Department of Computer Science and Information Engineering, National Taipei University, New Taipei City, Taiwan.
Galgotias University, Greater Noida, Uttar Pradesh, India.
Environ Sci Pollut Res Int. 2020 Oct;27(30):38155-38168. doi: 10.1007/s11356-020-09855-1. Epub 2020 Jul 3.
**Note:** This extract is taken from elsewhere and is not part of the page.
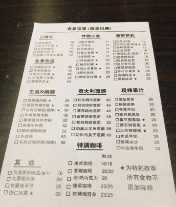 生蚵油条饭(微辣),珍珠奶茶,焦糖杏仁冰砖,咸酥鸡,炸物拼盘,台灣鳳梨冰茶,甘梅地瓜條,台灣香腸滷肉飯,盐酥鸡,烤明太子鲜鱿鱼,豆鼓生蚵油條飯,龍蝦三名治,豆豉生蚵油条饭,酥炸牡蠣,脆皮雞腿排,明太子炒鸡蛋三明治,炸鸡排,九層塔煎蛋,龍蝦生菜沙拉,奶盖奶茶,酥炸花枝丸,麻油鸡,焗烤咖哩牛肉飯,黑椒黃油牛肉飯,豆瓣鱼,龙虾色拉

As advance of economy and industry, the impact of air pollution has gradually gained attention. In order to predict air quality, there were many studies that exploited various machine learning techniques to build predictive model for pollutant concentration or air quality prediction. However, enhancing the prediction performance always is the common problem of existing studies. Traditional templates based on machine learning and deep learning methods, such as GBTR (gradient boosted tree regression), SVR (support vector machine-based regression), and LSTM (long short-term memory), are most promising approaches to address these problems. Some previous researches showed that ensemble learning technology can improve predictive performance of other domains. In order to improve the accuracy of forecasting, in this paper, we propose a hybrid model and framework to improve the forecasting accuracy of air pollution. We not only exploit stacking-based ensemble learning scheme with Pearson correlation coefficient to calculate the correlation between different machine learning models to integrate various forecasting models together, but also construct a framework based on Spark+Hadoop machine learning and TensorFlow deep learning framework to physically integrate these models to demonstrate the next 1 to 8 h' air pollution forecasting. We also conduct experiments and compare the result with GBTR, SVR, LSTM, and LSTM2 (version 2) models to demonstrate the proposed hybrid model's predictive performance. The experimental results show that the hybrid model is superior to the existing models used for predicting air pollution.
随着经济和工业的发展,空气污染的影响逐渐受到关注。为了预测空气质量,有许多研究利用各种机器学习技术来建立污染物浓度或空气质量预测的预测模型。然而,提高预测性能始终是现有研究的共同问题。传统的基于机器学习和深度学习方法的模板,如 GBTR(梯度提升树回归)、SVR(基于支持向量机的回归)和 LSTM(长短期记忆),是解决这些问题最有前途的方法。一些先前的研究表明,集成学习技术可以提高其他领域的预测性能。为了提高预测的准确性,在本文中,我们提出了一种混合模型和框架来提高空气污染预测的准确性。我们不仅利用基于 Pearson 相关系数的堆叠式集成学习方案来计算不同机器学习模型之间的相关性,将各种预测模型集成在一起,而且还构建了一个基于 Spark+Hadoop 机器学习和 TensorFlow 深度学习框架的框架,将这些模型物理集成在一起,以展示未来 1 到 8 小时的空气污染预测。我们还进行了实验,并将结果与 GBTR、SVR、LSTM 和 LSTM2(版本 2)模型进行比较,以证明所提出的混合模型的预测性能。实验结果表明,该混合模型优于用于预测空气污染的现有模型。